START SOURCE DATA

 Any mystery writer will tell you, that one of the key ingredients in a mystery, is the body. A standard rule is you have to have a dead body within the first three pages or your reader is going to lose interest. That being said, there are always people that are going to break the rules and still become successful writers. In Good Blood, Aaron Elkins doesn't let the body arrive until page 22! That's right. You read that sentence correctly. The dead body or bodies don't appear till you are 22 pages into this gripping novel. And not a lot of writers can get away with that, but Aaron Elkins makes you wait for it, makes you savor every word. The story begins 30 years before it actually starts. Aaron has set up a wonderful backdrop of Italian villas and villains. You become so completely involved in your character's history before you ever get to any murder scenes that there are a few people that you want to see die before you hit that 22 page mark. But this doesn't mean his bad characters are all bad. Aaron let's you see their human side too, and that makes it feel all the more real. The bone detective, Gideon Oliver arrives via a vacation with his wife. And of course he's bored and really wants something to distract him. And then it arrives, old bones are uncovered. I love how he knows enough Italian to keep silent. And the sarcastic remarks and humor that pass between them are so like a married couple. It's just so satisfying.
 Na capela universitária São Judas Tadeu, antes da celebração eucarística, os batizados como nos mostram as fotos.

END SOURCE DATA
START SOURCE DATA

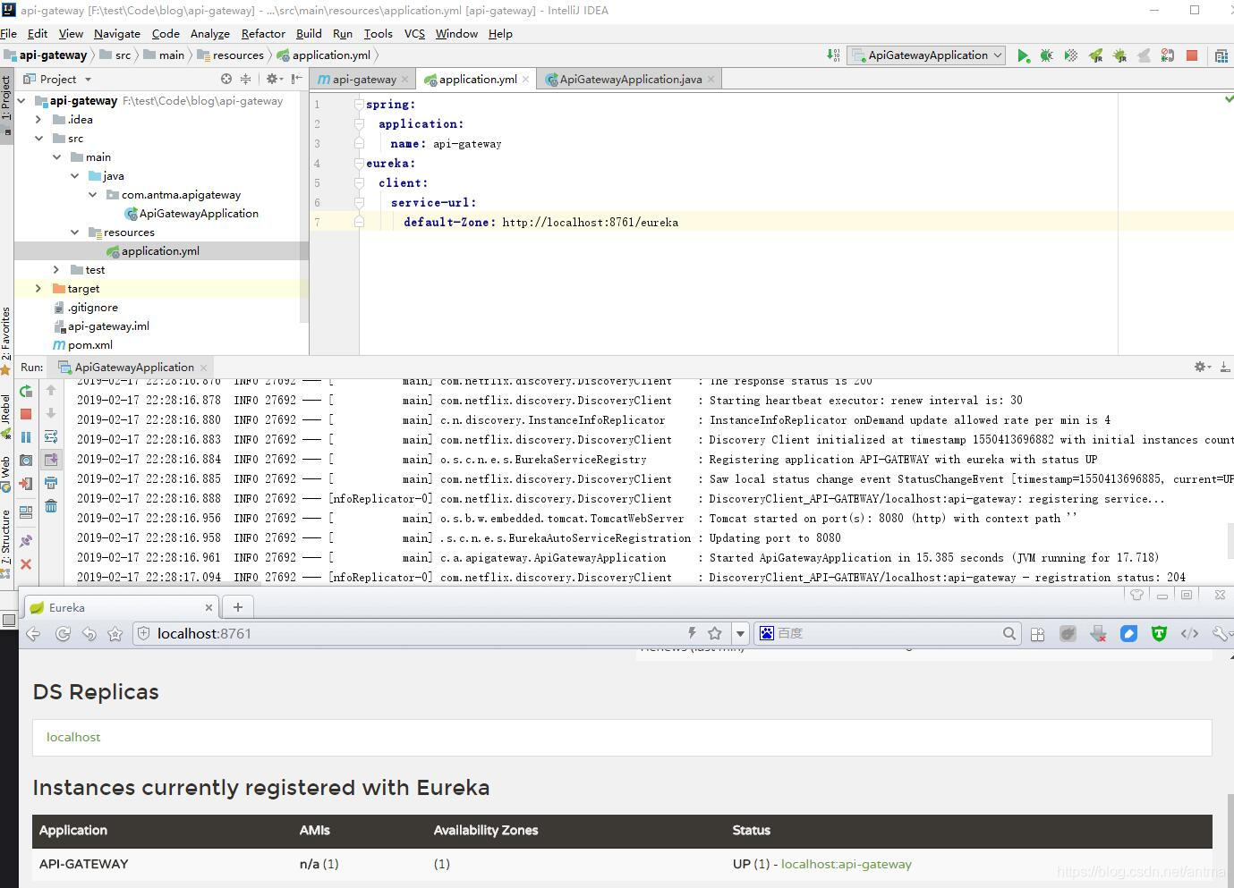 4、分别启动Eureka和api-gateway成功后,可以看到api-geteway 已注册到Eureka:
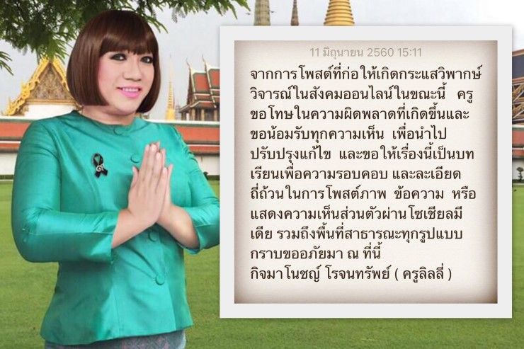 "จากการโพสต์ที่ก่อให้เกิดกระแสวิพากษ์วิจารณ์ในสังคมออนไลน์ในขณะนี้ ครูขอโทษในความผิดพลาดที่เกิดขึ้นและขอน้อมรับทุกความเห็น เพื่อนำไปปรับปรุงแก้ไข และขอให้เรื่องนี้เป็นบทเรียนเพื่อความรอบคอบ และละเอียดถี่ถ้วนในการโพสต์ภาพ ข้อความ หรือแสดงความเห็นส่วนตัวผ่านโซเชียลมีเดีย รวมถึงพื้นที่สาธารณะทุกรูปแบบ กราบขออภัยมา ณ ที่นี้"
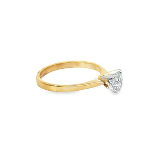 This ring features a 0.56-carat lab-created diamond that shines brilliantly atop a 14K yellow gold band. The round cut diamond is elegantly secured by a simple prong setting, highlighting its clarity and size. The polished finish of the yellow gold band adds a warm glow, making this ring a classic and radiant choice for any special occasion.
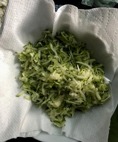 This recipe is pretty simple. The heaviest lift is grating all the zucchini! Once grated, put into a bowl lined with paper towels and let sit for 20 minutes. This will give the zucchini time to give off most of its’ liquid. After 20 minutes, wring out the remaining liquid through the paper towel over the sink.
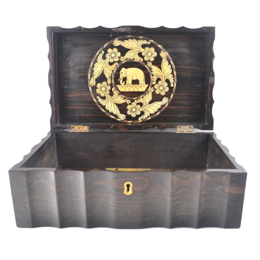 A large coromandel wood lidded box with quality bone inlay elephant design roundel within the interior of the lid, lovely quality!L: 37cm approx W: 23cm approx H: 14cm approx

END SOURCE DATA

## ABOUT THIS TASK
The line holding "4、分别启动Eureka和a" starts the copy and the line holding "รวมถึงพื้นที่สาธารณะทุกรูปแบบ กราบขออภัยมา ณ" ends it. Repeat those two lines above and all between them exactly, leaving out pictures.

## EXERCISE SOLUTION
 4、分别启动Eureka和api-gateway成功后,可以看到api-geteway 已注册到Eureka:
 "จากการโพสต์ที่ก่อให้เกิดกระแสวิพากษ์วิจารณ์ในสังคมออนไลน์ในขณะนี้ ครูขอโทษในความผิดพลาดที่เกิดขึ้นและขอน้อมรับทุกความเห็น เพื่อนำไปปรับปรุงแก้ไข และขอให้เรื่องนี้เป็นบทเรียนเพื่อความรอบคอบ และละเอียดถี่ถ้วนในการโพสต์ภาพ ข้อความ หรือแสดงความเห็นส่วนตัวผ่านโซเชียลมีเดีย รวมถึงพื้นที่สาธารณะทุกรูปแบบ กราบขออภัยมา ณ ที่นี้"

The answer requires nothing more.